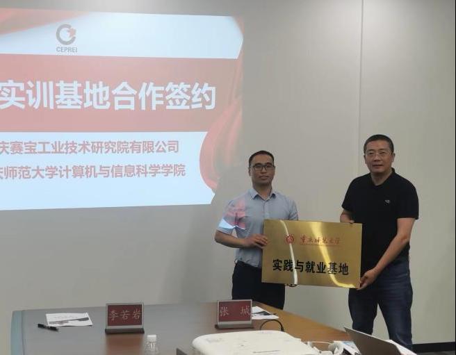 李若岩代表学院授牌“实践与就业基地”,并对赛宝的热情接待表示感谢,期待双方继续增进了解、加强合作,共同推动人才培养模式创新,为学生开拓更丰富的实践机会和就业资源。
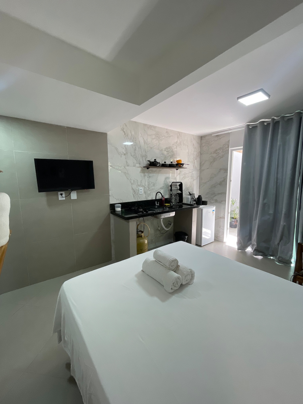 Bem-vindos! ALÉM DOS SONHOS IV é um conjugado cosy no 1ºandar com cozinha e 1 cama de casal, ar-condicionado, banheiro privativo. Localização excelente e silenciosa. 30mts da Praça Principal e 5min da 1a praia. Perto da Natureza Fornecemos enxoval completo de cama e banho e cuidamos da sua reserva do começo ao fim. *possível adicionar café da manhã à parte *temos parcerias com agencias locais para passeios e traslados *NOVO: Colocamos SMART TV :)
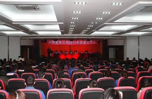 近日,川南发电公司召开了2011年安全生产工作会。会议由公司总工程师苟发全主持,总经理李胜章、党委书记唐得旗、常务副总经理谭先明、副总经理谢伟平、副总经理邱涛、纪委书记、工会主席黄松、财务负责人刘云戈及中层管理人员和公司全体职工参加了会议。
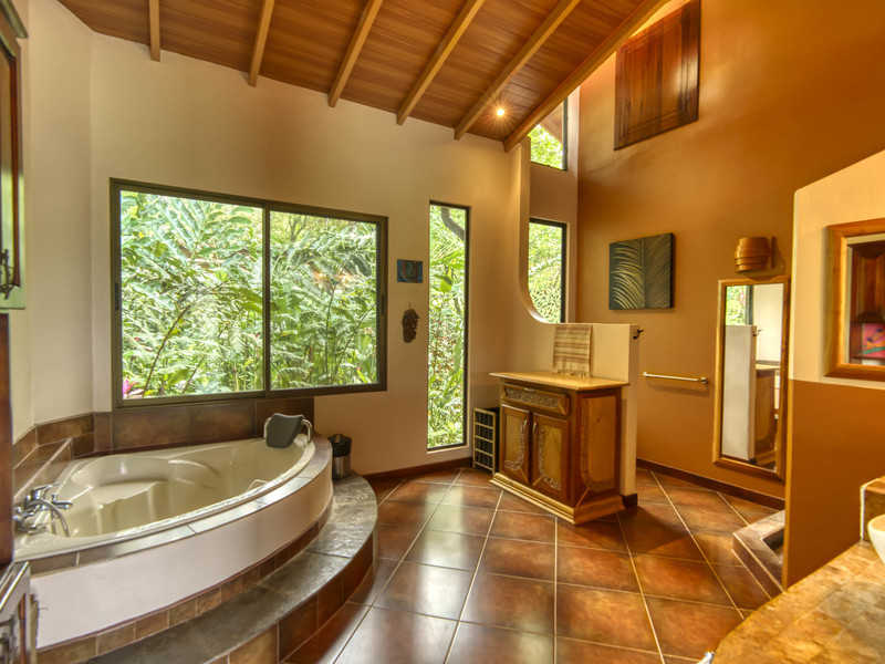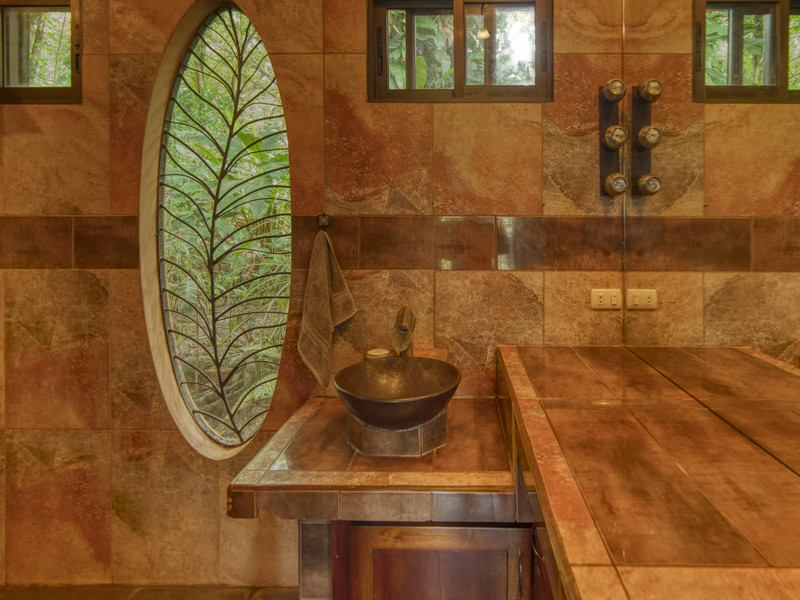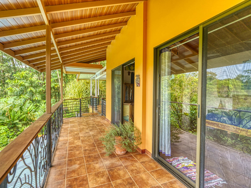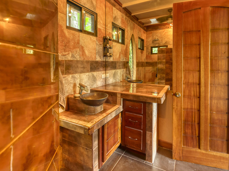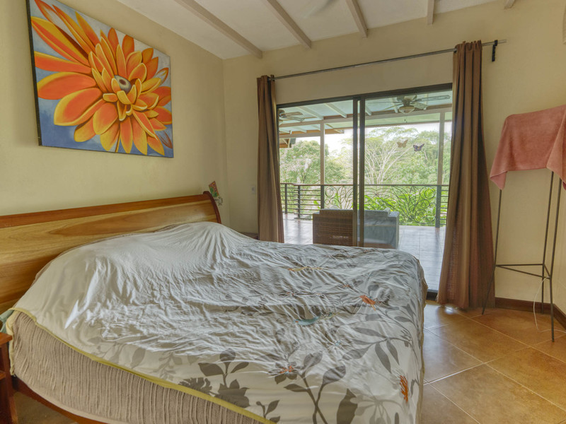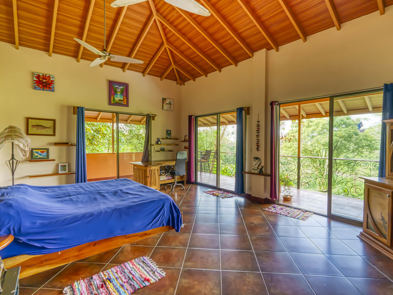Upstairs, there are three bedrooms. The spacious master suite includes a king size bed with a beautiful custom wooden frame, an armoire, and a wooden desk. The ensuite features a large soaking tub and large windows that give this room a garden feel. All of the bedrooms feature sweeping high ceilings and sliding door access to an upstairs deck. The covered wrap-around deck allows you to simply step outside your bedroom and sip your coffee while admiring the river and jungle view. There is another large covered patio area on the second floor. The exquisite iron work adds to the beauty of space. The main house has a third floor that has the possibility to be an additional deck space or could also be expanded to add more bedrooms or extra lounge space. This property is being offered with most of the furnishings’ that you will see when you tour the house.

----------

- _About this exercise_:
For this exercise, restate the material exactly and skip every picture.

- _Solution to this exercise_:
 李若岩代表学院授牌“实践与就业基地”,并对赛宝的热情接待表示感谢,期待双方继续增进了解、加强合作,共同推动人才培养模式创新,为学生开拓更丰富的实践机会和就业资源。
 Bem-vindos! ALÉM DOS SONHOS IV é um conjugado cosy no 1ºandar com cozinha e 1 cama de casal, ar-condicionado, banheiro privativo. Localização excelente e silenciosa. 30mts da Praça Principal e 5min da 1a praia. Perto da Natureza Fornecemos enxoval completo de cama e banho e cuidamos da sua reserva do começo ao fim. *possível adicionar café da manhã à parte *temos parcerias com agencias locais para passeios e traslados *NOVO: Colocamos SMART TV :)
 近日,川南发电公司召开了2011年安全生产工作会。会议由公司总工程师苟发全主持,总经理李胜章、党委书记唐得旗、常务副总经理谭先明、副总经理谢伟平、副总经理邱涛、纪委书记、工会主席黄松、财务负责人刘云戈及中层管理人员和公司全体职工参加了会议。
Upstairs, there are three bedrooms. The spacious master suite includes a king size bed with a beautiful custom wooden frame, an armoire, and a wooden desk. The ensuite features a large soaking tub and large windows that give this room a garden feel. All of the bedrooms feature sweeping high ceilings and sliding door access to an upstairs deck. The covered wrap-around deck allows you to simply step outside your bedroom and sip your coffee while admiring the river and jungle view. There is another large covered patio area on the second floor. The exquisite iron work adds to the beauty of space. The main house has a third floor that has the possibility to be an additional deck space or could also be expanded to add more bedrooms or extra lounge space. This property is being offered with most of the furnishings’ that you will see when you tour the house.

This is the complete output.